The number of households that make fish hooks in Long Xuyen Town, for example, has fallen to fewer than 10 families from several hundred 20 years ago.
Only women are doing the job now, as young people continue to leave for factories and industrial parks.
A handicraft village that made bamboo fish traps in An Phu District faced the same challenge, two years after the Con Coc traditional fish trap village in the district had to suspend operations.
As a result, all of the workers in the two fish trap-making cooperatives lost their jobs.
Nguyen Minh Tri, chairman of the Phuoc Hung Commune Farmers Association, said that more than 70 per cent of young people who earn their living by making fish traps have quit to look for jobs, mainly at industrial complexes in other localities.
Figures reveal that in the high-water season of 2016, over 800 labourers from Vinh Hoi Dong Commune registered to seek jobs in other localities, but the actual figure could be higher, according to Nguyen Van Tung, deputy chairman of Vinh Hoi Dong Commune People’s Committee in An Phu District.
He said that two-thirds of the number of workers aged between 18 and 45 have sought job opportunities far from home.
“Efforts to offer vocational training and preservation of traditional handicrafts have been ineffective,” Tung said.
The traditional handicraft villages specialising in glutinous rice chapatti and hearths for cooking in Phu Tan District now employ mostly older people.
Nguyen Thi A, owner of a hearth at a cooking facility in Phu Tan District’s Phu Tho Commune, said most of her younger workers had sought better jobs at industrial parks.
Cho Moi District in the province has 13 traditional handicraft villages, with a total of 3,500 households and over 7,600 labourers.
Two-thirds of them earn a living in woodwork and carpentry, according to figures from the Cho Moi District People’s Committee.

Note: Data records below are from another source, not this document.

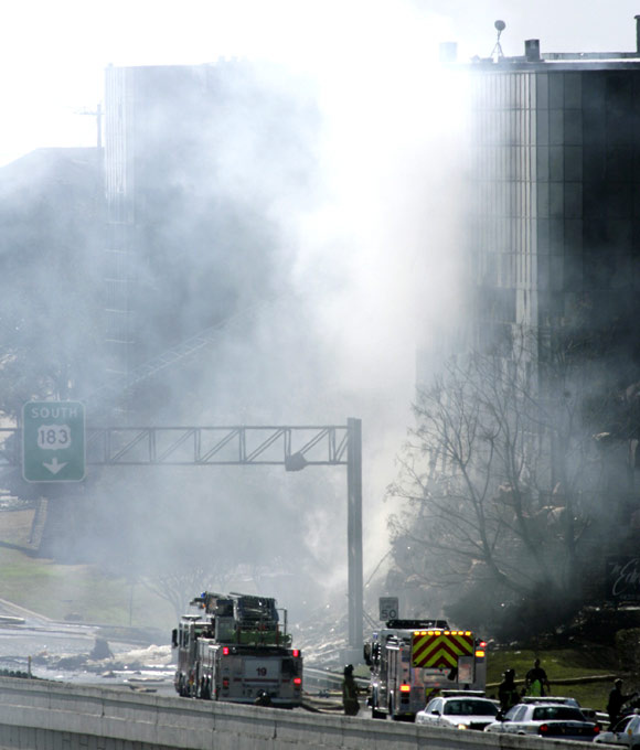一架低空飛行的小型飛機(jī)18日撞入德克薩斯州奧斯汀市國(guó)稅局的辦公大樓,當(dāng)?shù)毓賳T表示這可能是一件蓄謀事件。圖片來(lái)源:中國(guó)新聞網(wǎng)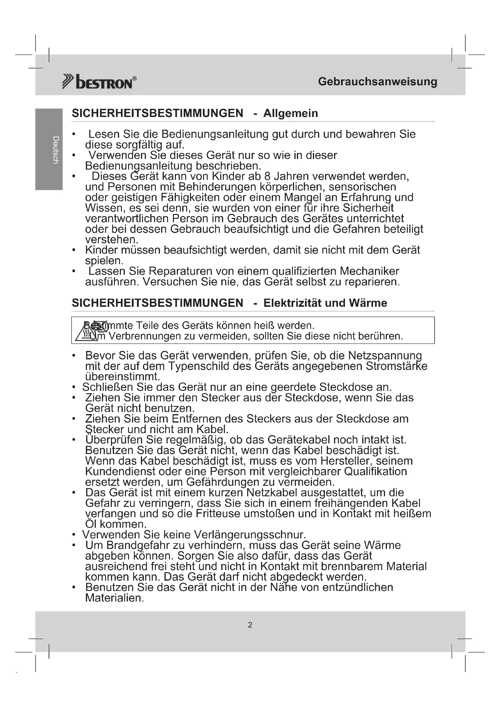 KUNDENDIENST Sollte unerwartet eine Störung auftreten dann können Sie sich mit dem BESTRON-Kundendienst in Verbindung setzen: www.bestron.com/service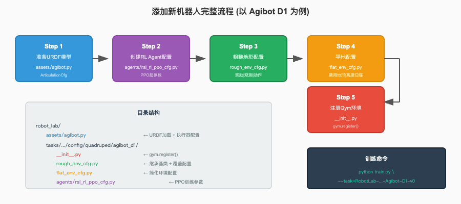 掌握新机器人添加流程:包括资产配置(URDF 加载、执行器参数)、环境配置(观测、动作、奖励)、Agent 配置(网络架构、PPO 参数)以及 Gym 环境注册的完整五步流程。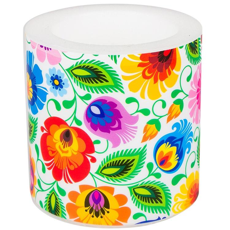 Dekoracyjna świeca lampion FOLK z ludowym wzorem kwiatów z łowickiej wycinanki na białym tle: projekt inspirowany tradycyjnymi wzorami ludowymi z wycinanek łowickich,podstawowymi elementami wycinanek łowickich są koguty, pawie oraz motywy kwiatowe,po zapaleniu lampionu światło płomienia pięknie oświetla zewnętrzny wzór,estetyczne opakowanie z celofanu i szarego sznurka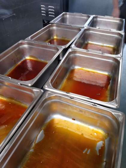 今日は焼きプリンの登場です。給食室で分量の鶏卵、牛乳、クリーム、砂糖をよく混ぜ合わせ、カラメルソースを敷いたミニバットに流し入れます。焼き物機で蒸し焼きにすること25分。きれいな焼き色が付いた焼きプリンの出来上がりです。焼き物機の蒸気からはとても甘いにおいが立ち込めてきました。手づくりの焼きプリンです。おうちでも作ってみてはいかがでしょうか。

“We’ve found it very difficult to attract young labourers to these villages in rural areas,” said Pham Van Duong, head of the Economics and Infrastructure Division of Cho Moi District.
Recruitment efforts
Employment opportunities at industrial parks have also caused challenges to vocational training, labour management and handicraft village development, according to Nguyen Van Hop, deputy head of the Tan Chau Town’s Division of Labour, Invalids and Social Affairs.

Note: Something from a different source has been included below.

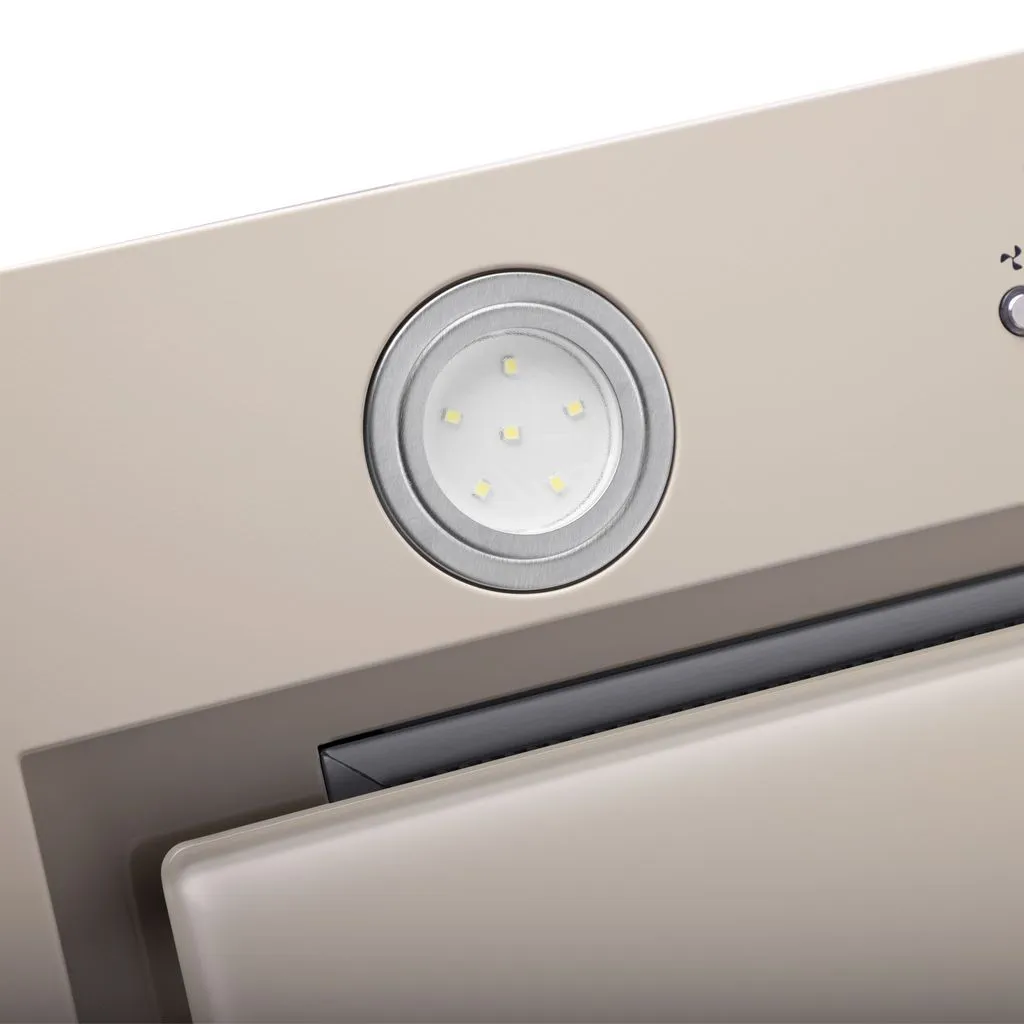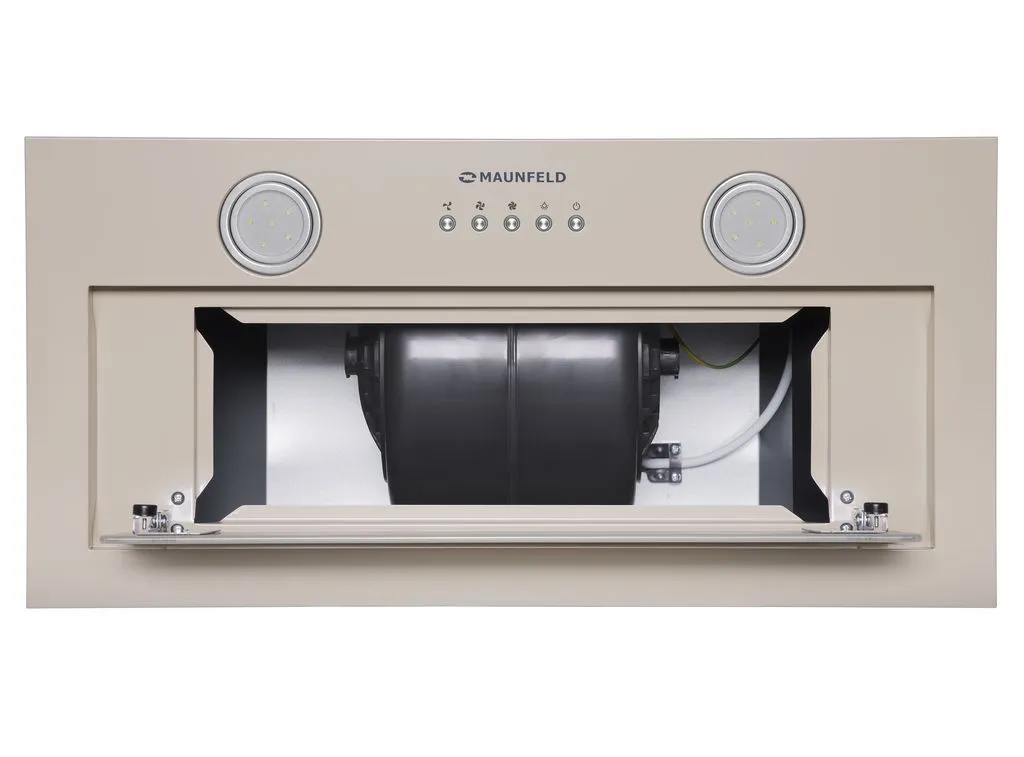 Электронное управление позволяет включить освещение и выбрать одну из 3-х скоростей работы - две стандартные и одна турбо (для быстрой очистки воздуха в экстренных случаях, например, если что-то пригорело). Освещение рабочей поверхности обеспечивается 2-мя LED-лампами по 1 Вт каждая.

Most of the traditional handicraft villages in Tan Chau Town, such as the My A satin weaving village; the Cham Chau Phong brocade-making village, and the Uzu sedge-mat making village, are no longer operating.
The main cause behind the disintegration has been the departure of young residents, Duong said.
To save the villages, he said that authorities must organise vocational courses for workers and create development plans for the handicraft villages.
To attract workers, salaries at the villages must be higher than the pay for workers at industrial parks, he said.
The quality of vocational courses provided to labourers at handicraft villages needs to be improved as well, Duong added.
Vo Thi Lien, director of a centre for stimulating industry and industrial development in the province, said the 28 traditional handicraft villages that still exist in the province face a limited labour force.
The responsibility to attract workers is with the An Giang Department of Industry and Trade, Department of Agriculture and Rural Development, and the Department of Labour, Invalids and Social Affairs, according to Lien.